The story stops there for a while for us. In the 17th century, ships tried avoiding sea ice as much as possible, so rather than going straight north from Davis Strait explorers turned west. James Munk sailed through Hudson Bay in 1619, and so did most of the following expeditions. Others tried going overland, or decided to start the exploration from the other side, from Bering Strait towards Greenland. The big north american rivers were tried too, thinking they may be channels between the Labrador Sea and the Arctic Ocean. That did not work as intended, but did lead to the foundation of New York and Montréal, among others. Meanwhile, industrial whaling started in Davis Strait in 1719. In fact, Greenland whaling started shortly after Barents’s discovery of Spitsbergen in 1596 and him reporting on the large number of whales there. But it’s only after disputes over hunting territories emerged between whaling nations and after the number of whales around Spitsbergen had dangerously decreased that whalers ventured further into the open seas.

Then came the 19th century. In both hemispheres, the poles became the last frontier left to explore. Furious races among countries started to be the first plant their national flag there (you can actually read more by me about the race to the South Pole here). The magnetic North Pole was reached by James Clark Ross (the same who discovered Antarctica’s Ross Sea) in 1831. Then in 1845, both ships from John Franklin’s expedition disappeared somewhere in the Canadian Arctic. One of them was finally found only a few months ago, but Franklin’s wife’s tireless efforts and lobbying to get other sailors to look for her husband led to decades of exploration of the region.

Nares Strait (where we need to sail through this summer) was discovered in 1876 by British explorer Sir George Strong Nares. Fun fact: he was also the first to sail through Suez Canal, in 1869.

Map of the Arctic by A.H. Petermann, 1865.

Map of the Arctic by A.H. Petermann, 1865.

As for Petermann Fjord, I actually couldn’t find who discovered it. It is named after a German cartographer, August Heinrich Petermann, who produced beautiful maps of the Arctic (even showing the currents!) and who actively promoted Arctic exploration, collecting funds for it.

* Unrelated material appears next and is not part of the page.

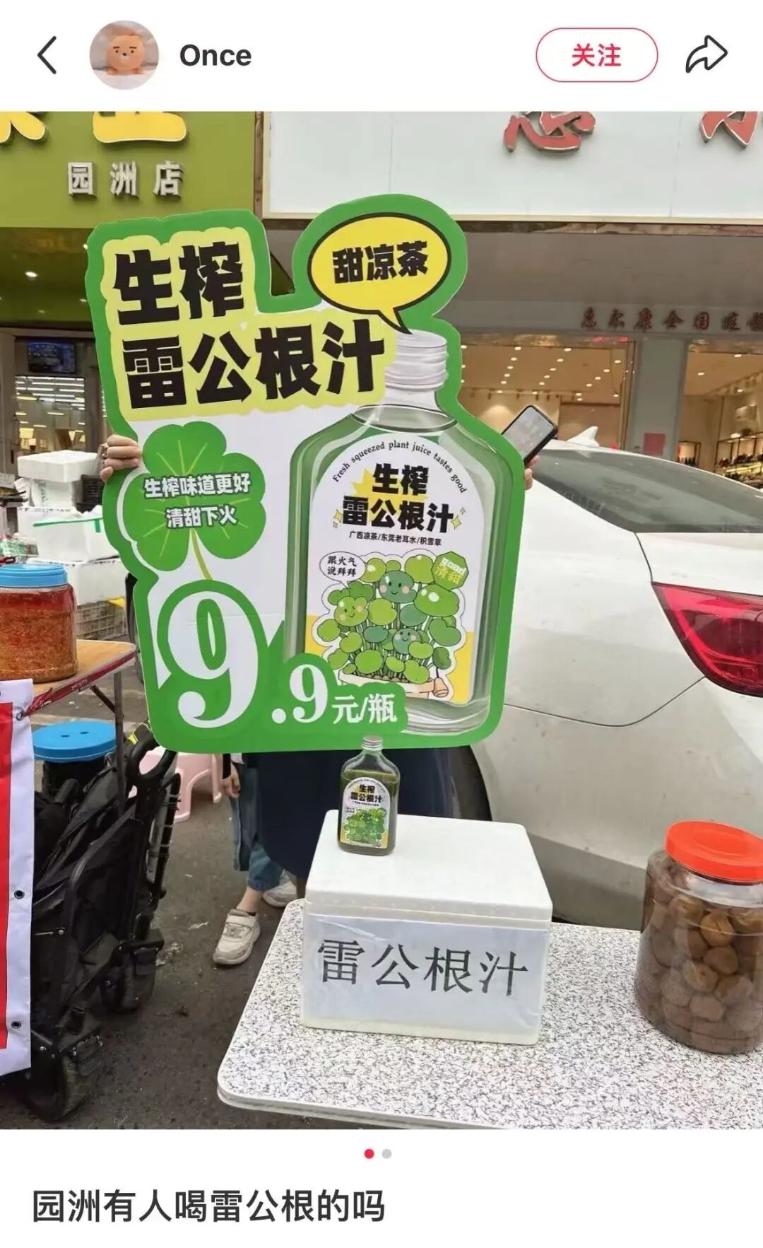 就连街头摆摊的饮品车也没放过这波热度,生榨雷公根汁、雷公根撞奶等产品纷纷亮相。因其具有清爽解腻的属性,也成为了不少消费者的“续命水”。尤其适合搭配火锅、烧烤等重口味餐饮场景。

Nansen’s Fram expedition of 1893-1896 probably is one of the most important for us oceanographers. Although Nansen failed at reaching the geographic North Pole (possibly done by Peary in 1908, but to date his account still is considered dubious), he and chief scientist Sverdrup (and later his PhD student Ekman) understood the response of the ocean to surface winds, one of the two drivers of the overall ocean circulation!

The quest for the Northwest Passage was finally over in 1903 thanks to Roald Amundsen (the one who will reach South Pole a few years later). But it is not because the area is now fully discovered and mapped that it becomes easy to access. In fact, polar regions remain so hard to reach that even nowadays we have to undergo very thorough medical tests before we go – because in case of an emergency, there is no way someone can come and help us. And of course, quite a lot of ice needs to be broken on our way.

As the video shows, even in September when there is the least sea ice of the whole year, Nares Strait is not ice-free. This is why we are going there with the ice breaker Oden, who can break through 2m while sailing at 0.3 knots. But I’ll tell you more about Oden’s and other icebreakers’ characteristics in a later post. If you are interested in the history of polar explorations, I can recommand these further readings:
– the Encyclopedia Arctica, and in particular its volume 14 about whaling and fisheries
– all the books by Jean Mallaurie, especially “Ultima Thule” that also highlights the link between Arctic exploration and native Greenland populations
– the excellent timeline on polardiscovery.whoi.edu which even includes submarines

Note that I’m exact to the best of my knowledge, but as interested as I am in history that is not my main topic. Let me know in the comments below if there is any error. In order to keep that blogpost relatively short, I have voluntarily omitted some elements which I found not vital to the story. If anyone knows who was the first person to reach Petermann fjord and when, I’m interested.